The attitude of the Top Doctors to patients was exemplified by the ‘reviews’ that the Top Doctors who fancied themselves as thespians used to put on themselves in medical schools at Christmas. Those stage shows were essentially a series of sketches in which the Top Doctors patted themselves on the back and sneered at patients for all being a bit ignorant or neurotic. I attended two such Christmas Reviews whilst I worked at St Georges – they were virtually identical and basically served to consolidate what someone the other day termed the ‘professional superglue’ that causes NHS staff to close ranks in the face of malpractice or patient harm.

Allyson mentions the concession to accept ‘pay beds’ that Bevan made when establishing the NHS. Bevan of course admitted that he was forced into doing this in order to get the Top Doctors to accept the idea of the NHS. (The Top Doctors REALLY objected to the idea of the NHS.) Pollock I note doesn’t quote Bevan’s most famous words – that in order to overcome the Top Doctors’ objections to the NHS he would ‘stuff their mouths with gold’. Allyson tactfully states that Bevan had accepted the existence of pay beds ‘in order to secure consultants’ participation in the new free health care system’. Pollock mentions that in 1975 Barbara Castle abolished pay beds – and my God wasn’t that one of her biggest battles – but her decision was later reversed and ‘by the 1980s pay beds were justified as an income earner for hospitals’. I don’t remember the Top Doctors objecting to their re-introduction Allyson – in fact when you and I were working at St George’s there was plenty of private practice going on. To be fair, some of the Top Doctors doing it were re-investing their earnings into their research programmes and of course there was a limit placed on the amount that medical academics were allowed to earn through private practice. Which was why so many Top Doctors didn’t want academic posts… Some of Allyson’s non-academic colleagues at St George’s were known to be very rich indeed as a result of their private practices.

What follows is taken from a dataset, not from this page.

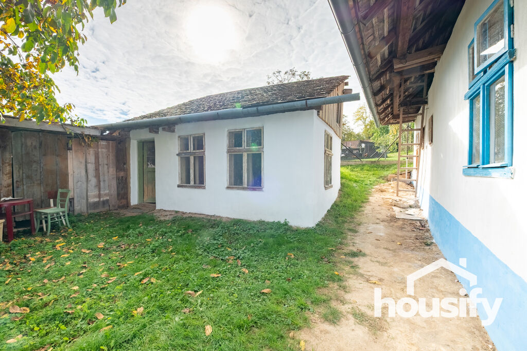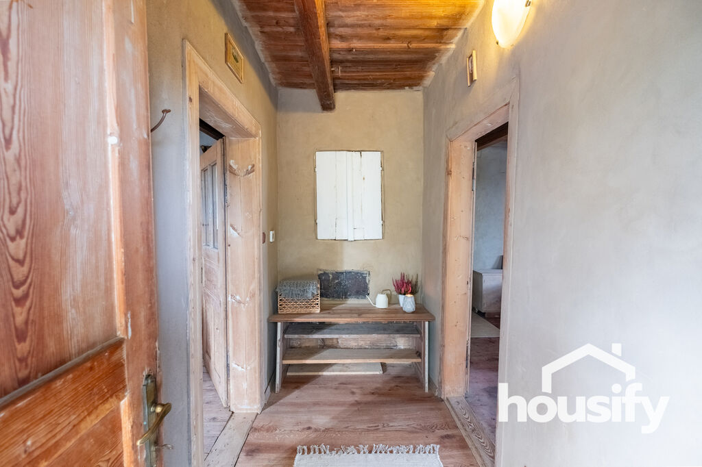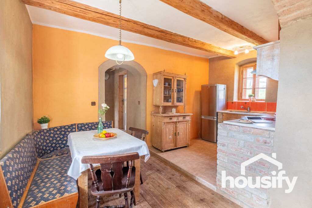 Po vstupu do domu vás uvítá útulná předsíň. Po pravé straně je vchod do ložnice s krbovými kamny a okny směrem do ulice. Z předsíně dále vejdete do obývacího pokoje s krbem. Na obývací pokoj navazuje jídelní kout s kuchyní podtrhující vesnický styl. Kuchyně je vybavena lednicí, sporákem, myčkou a okny mířícími do zahrady. Chodba z kuchyně dále pokračuje do zrekonstruované koupelny s rohovou vanou, na samostatnou toaletu a do poslední místnosti v domě, která čeká na dokončení dle vašich představ – ideální jako pracovna, pokoj pro hosty nebo ateliér.

Again and again Allyson portrays these very wealthy people with interests in private practice who ignored the wrongdoing of their colleagues as selfless barefoot doctors. She maintains that when ‘concerned NHS staff’ critiqued public-private partnerships they were dismissed by Gov’t as ‘self-interested’. However did anyone come to that conclusion? So who were the concerned NHS staff that Allyson was talking about? The cleaners? The canteen staff or the porters? The Angels perhaps? No, it was the BMA and the NHS Consultants’ Association.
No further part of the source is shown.